As I went through the book, I read many accusations that doctors, researchers didn’t explain stuff to the family. In those days, black people were terribly exploited because they were considered inferior. However, reading about how the Lacks family mixed up science with superstition, makes me wonder if some people tried to explain but they didn’t get it. They didn’t understand cancer, they didn’t understand HeLa cells, they didn’t understand a lot of things. I can’t see that they want to and are capable of understanding what is use of those cells. If the researcher had lopped off the cancer cells and had given it to the family as a present, they won’t not be capable of growing those cells and making those millions and millions. It’s not just them – most of us would dump it in the trash.

Neal Stephenson – Snow Crash

Snow Crash started out fun, fast and cool. I really enjoy the ride around the new world. Reality has pizza deliverers, courier girls on skates and hyper-inflated cities that are franchises. I like that Metaverse links to reality, where beauty of the avatar admired. It’s not a big thing in the story, but it made me admire it for its consistency.

I did not enjoy the characters and the plot. The tying of the sumerian myths to information flow is too loosely tied together in the story and feels inelegant. As if he is trying to hammer out a new thought and the characters are mouth pieces. Checking the wikipedia for memetics, I figured out what he was doing. Knowing it now doesn’t change my mind. The seller of an idea in a fiction are the characters. His characters are not that interesting for me to buy it.

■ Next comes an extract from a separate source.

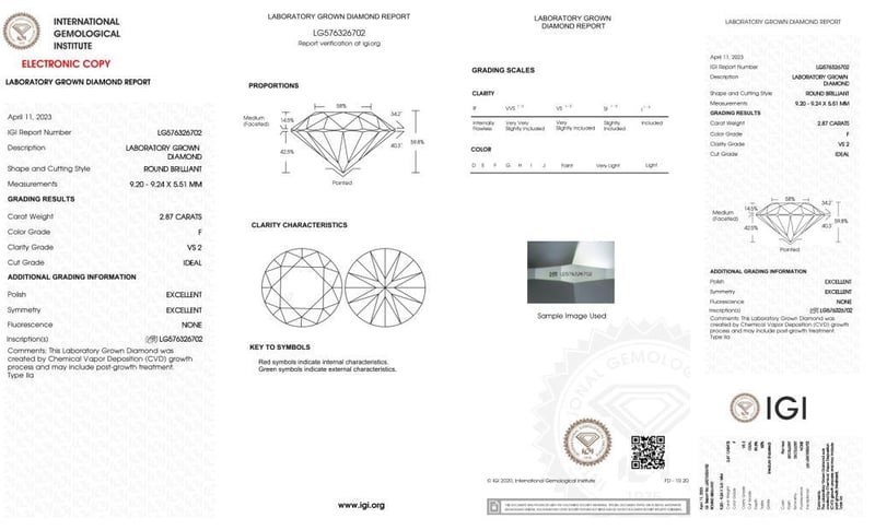 Please note that while all lab grown diamonds listed include certification, the report number or identification may vary upon arrival. This is due to standard manufacturing and batching processes. However, the diamond’s specifications — including carat, color, cut, and clarity — will match or may even exceed those advertised.

I feel sexy with my kindle

How small it is! How slim it is! How light it is! Look! Look! I have five books in it now! It’s still small, slim and light! What an amazing invention! I feel slimmer! Lighter! Sexier!

I ended up with a Kindle because Mr TCM could not be persuaded to get an iPad. Well, I agree with him – the iPad is too heavy to hold at length. My house is small and with a baby on the way, there was no room for either of us to buy books. All these sound well reasoned but in fact was an impulse buy.

I had taken to reading to baby – talking to baby gets boring fast. I have new Yorker on it. I am halfway through Neal Stephenson’s Snow Crash. I love it like I love soft tofu. I want to mash my face with my kindle.